Getting back to those stones may be Claire's motivation, but Outlander is in no hurry to get her there. I watched all six episodes sent by Starz (the 16-episode first season will be split, unfortunately, into two eight-episode installments) and all lacked a sense of urgency to move Claire from B back to A.
And that presents another problem for people who haven't read the books: knowing how important the time-travel element is to Outlander's plot. It seems the show would be significantly more fun if Claire could get back to 1945, spend some time there, assess what she likes and what she misses, then sneak back to the stones and back in time. Does this happen? I have no idea. Claire would have to get back to the aforementioned stones first and, after six hours, they're not exactly a stone's throw from her present location.
Again, that may be the charm some viewers are looking for. Outlander taking its own sweet time is, in some ways, an antidote to other story-chewing fare and lingering on character development is not a bad thing. That novelistic sense of plot unfolding probably would be less of an issue if all 16 episodes were going to be shown in a row, rather than split and separated — almost like Claire herself — by a vast chunk of time (the other eight will air sometime in 2015).

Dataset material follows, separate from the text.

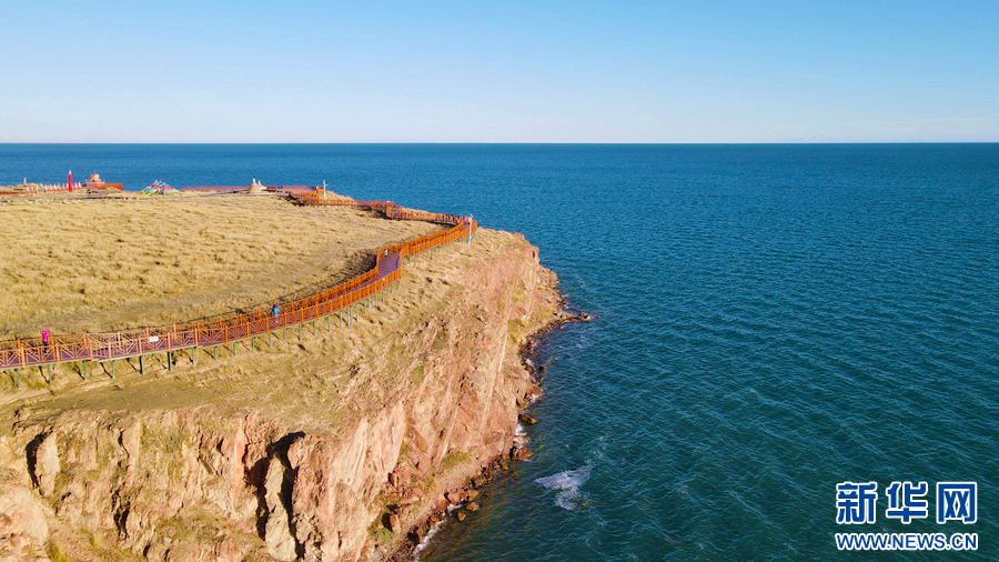 图为青海湖圣泉湾秋景(无人机照片)。新华网 卡娅梅朵 摄

But Outlander's lack of forward momentum is impossible to ignore. After the first hour, the series slows noticeably and maddeningly. Although there's a "wait until the sixth episode" enticement surrounding the show (and that episode does pick up the pace and partly change the direction), it's not like Outlander suddenly turns into 24 or something. Basically, the pace you get is the pace you get.
Luckily, Balfe is reason enough to watch; she's a confident actress who brings various shades to her character. And McTavish is more magnetic in his menace/cunning than Heughan, though that probably wasn't the plan. (That said, Heughan is perfectly cast as the hunky gentleman warrior, with a frame that the camera loves). The template-setting pilot is directed by John Dahl, and it's no surprise that the lush Scottish countryside and Highlands are beautiful and inherently part of the series, like a looming character that never leaves a scene.
The first episode has already been made available online, as Starz looks to give nonsubscribers a taste of Outlander (no doubt whatever Gabaldon fans who haven't already subscribed will do so). The real test may be keeping others hooked, with the competition being vast and "bookish" vs. "compelling" being an X-factor very much in play.